I know I owe a couple of Waylon update posts and I will deliver but for now I just need to be real. To share what's been on my mind and heart.

For quite some time, I've felt stuck, uninspired, depleted, unsatisfied. Mostly with how I spend my time. Please do not mistake my words to say I'm unsatisfied with my life. At all. Nothing could be further from the truth. What I mean is I'm unsatisfied personally, spiritually. In American society, it's so easy to get caught up in self. It actually takes a TON of effort to avoid it. But honestly it breaks my heart to think that I get so caught up in my own [schedule, job, family, needs, wants] I forget about the rest of the world.

Several months back I began praying for what God would have me to do career wise. I did not feel like I was fulfulling my purpose couped up in an office 8:00-4:30. I honestly felt like I was watching life pass me by, like I was just a bystander. As I continued to pray for help being obedient, God provided daily provisions. He put people in my path who had been exactly where I was. The pastor preached messages on leaving the familiar behind to experience the extraordinary. Life journal Scriptures were pertaining to walking in faith, trusting the Lord to provide. It all hit very, very close to my heart.

This life is not about Stephanie Eldridge. It's not about how comfortable I am. In fact, I have begun to believe that the more comfortable I am, the more in danger I am of becoming content with mediocrity and the more likely I will be to do life my way. DANGER AHEAD! That should be what floods my mind when I start thinking about living life my way. It never turns out good, ever.

My deepest desire and the focus of my prayers regarding my career path was obedience. I did not want to do anything based on emotion, my desires. I wanted what's best for my family. But most importantly, I wanted to be obedient to God. I struggled. I wrestled. God was faithful. He answered.

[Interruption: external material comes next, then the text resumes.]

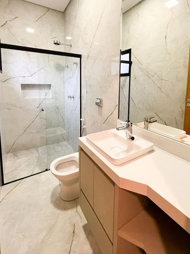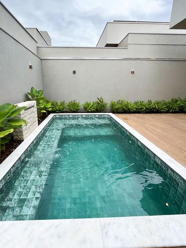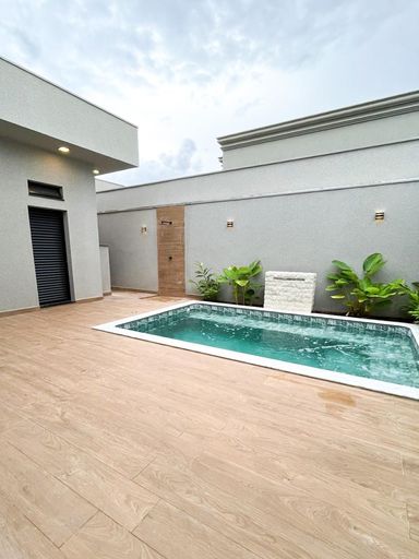 Casa térrea à venda, com 172 m², distribuídos em 3 quartos suítes, escritório, home, sala ampla com pé direito duplo e uma área gourmet aconchegante, bem equipada e integrada com espaçoso quintal e área da piscina.
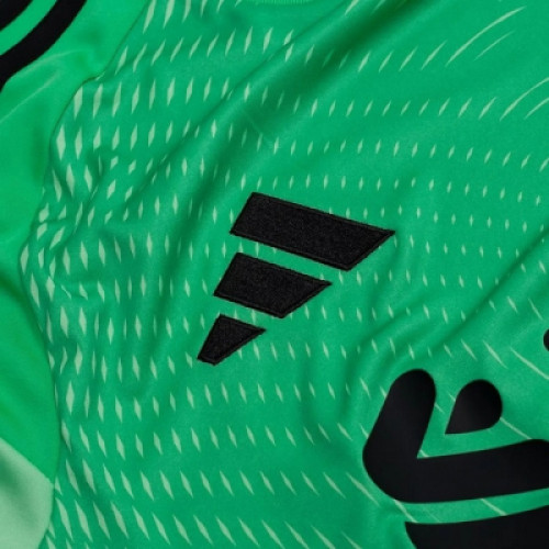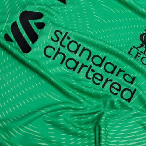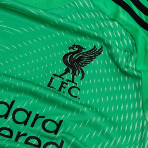 Вратарская футболка английского ФК Ливерпуль для игр сезона 2025-2026. Выполнена в зеленом цвете с черными логотипами. Украшена эмблемой клуба на груди

I put in my two weeks at my current job on 3/14/12. I'm leaving behind a stable career with a good company to stay at home 3 days a week with Waylon. On paper, nothing makes sense. Some people question our decision. But when I close my eyes and say my prayers at night before I go to sleep, a peace overwhelms me, and I know I've made the right decision. Jesus reassures me that He is in control. And that's all that matters.